- Activity -
Nothing but the records, repeated word for word and free of pictures, belongs in the answer.

- Information shown -
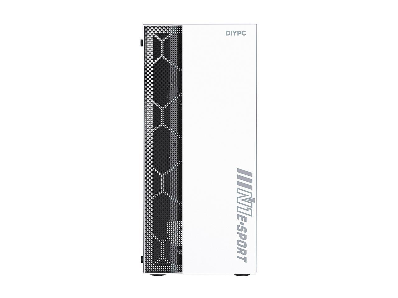 DIYPC DIY-S08-W White USB 3.0 Steel / Tempered Glass ATX Mid Tower Computer Case, 1 x 120mm Fan x Rear (Pre-Installed)
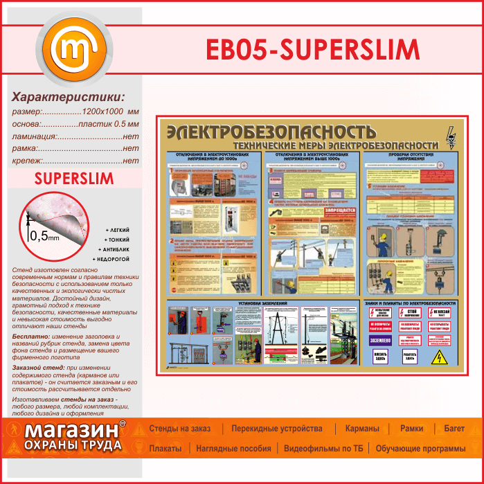 Стенд «Электробезопасность. Технические меры электробезопасности» (EB-05-SUPERSLIM) в Химках купить
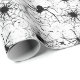 Creepy seamless Halloween pattern featuring black spiders, spider webs, and ink splatters on a white background — perfect for spooky-themed occasion.
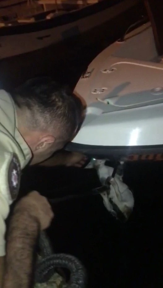 Kediyi kurtarma anları cep telefonu kamerası tarafından kaydedildi.
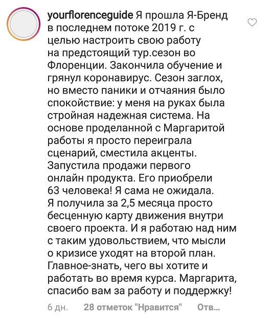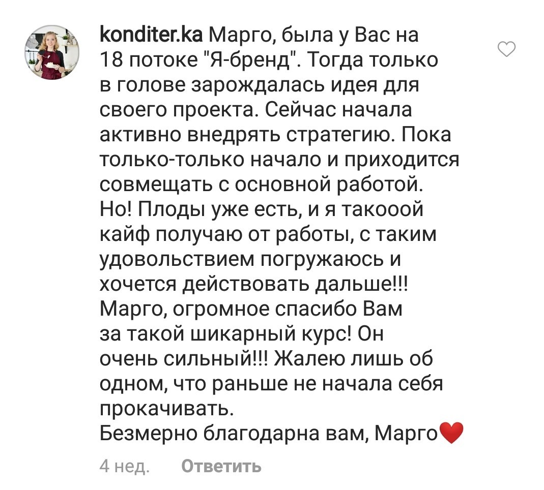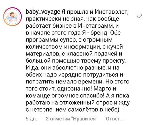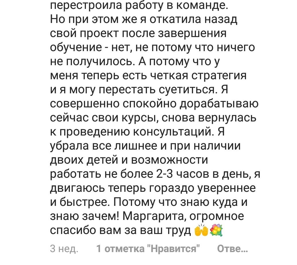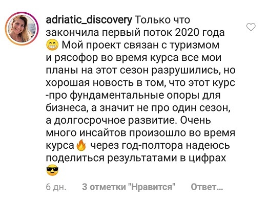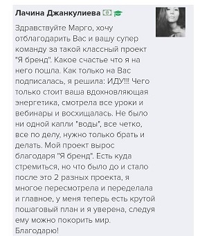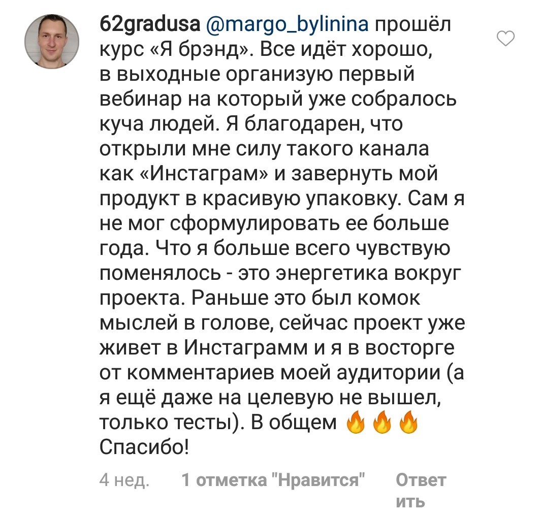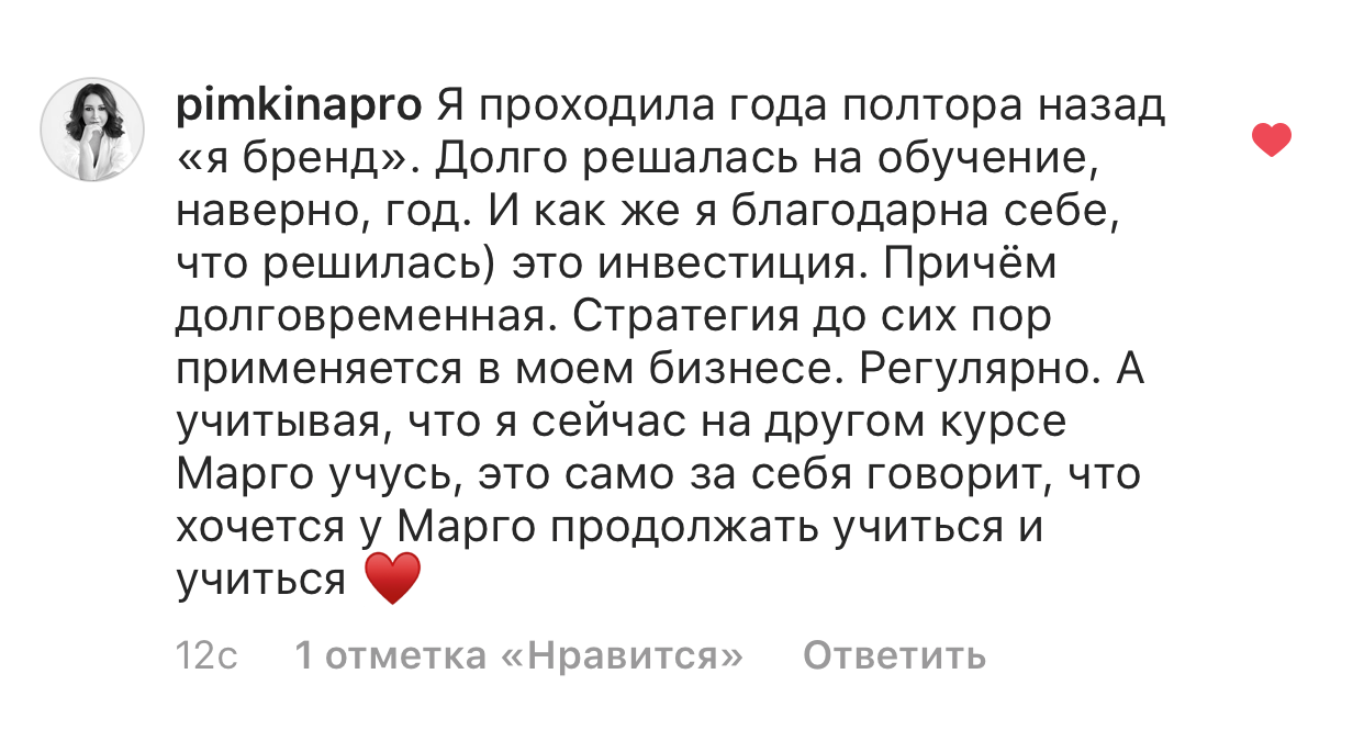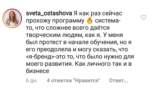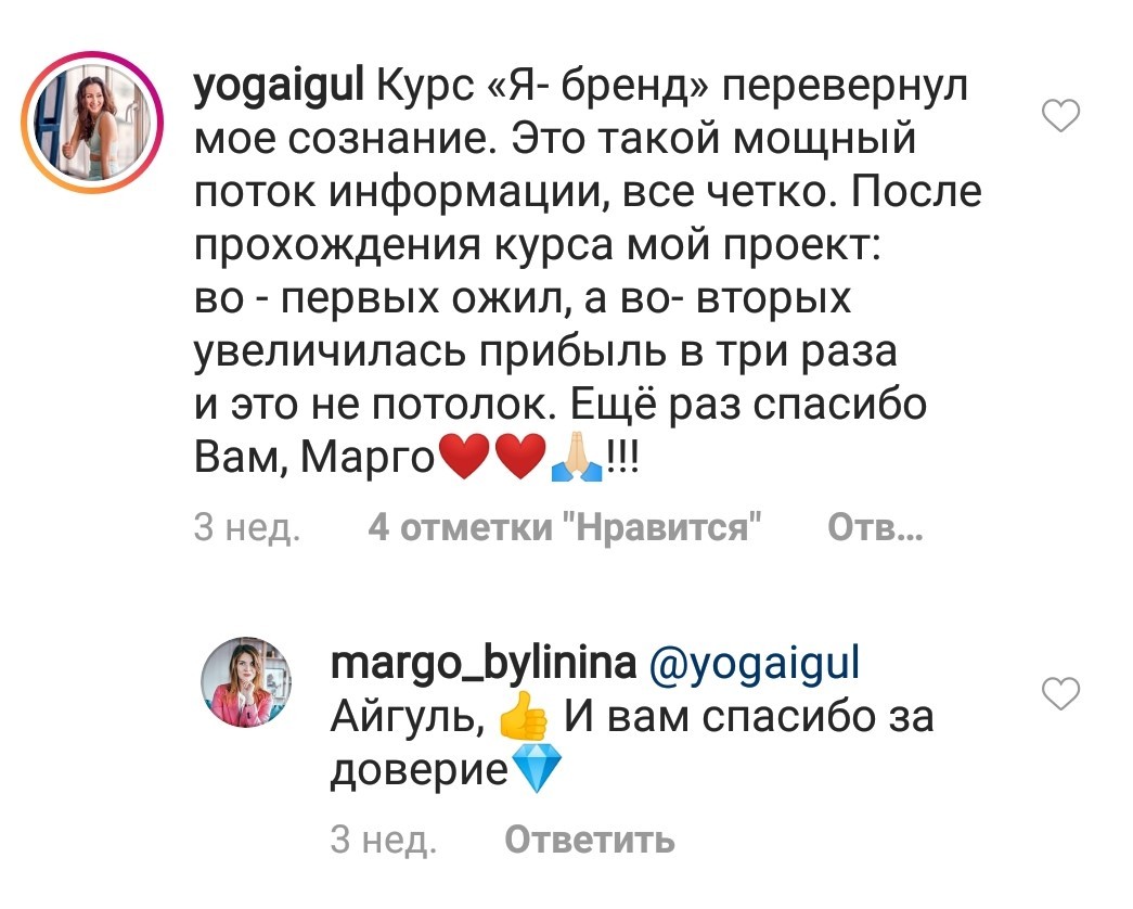 Проект мой стартовал с января, сейчас вышла на доход чуть больше 100 тр, но цель ставлю в 5 раз больше! И знаю, что благодаря тем знаниям, которые вы дали,я смогу легко этого достичь. Я вышла на свою ЦА, настолько комфортная для меня аудитория, ощущения что они это я.

- Reply -
 DIYPC DIY-S08-W White USB 3.0 Steel / Tempered Glass ATX Mid Tower Computer Case, 1 x 120mm Fan x Rear (Pre-Installed)
 Стенд «Электробезопасность. Технические меры электробезопасности» (EB-05-SUPERSLIM) в Химках купить
 Creepy seamless Halloween pattern featuring black spiders, spider webs, and ink splatters on a white background — perfect for spooky-themed occasion.
 Kediyi kurtarma anları cep telefonu kamerası tarafından kaydedildi.
 Проект мой стартовал с января, сейчас вышла на доход чуть больше 100 тр, но цель ставлю в 5 раз больше! И знаю, что благодаря тем знаниям, которые вы дали,я смогу легко этого достичь. Я вышла на свою ЦА, настолько комфортная для меня аудитория, ощущения что они это я.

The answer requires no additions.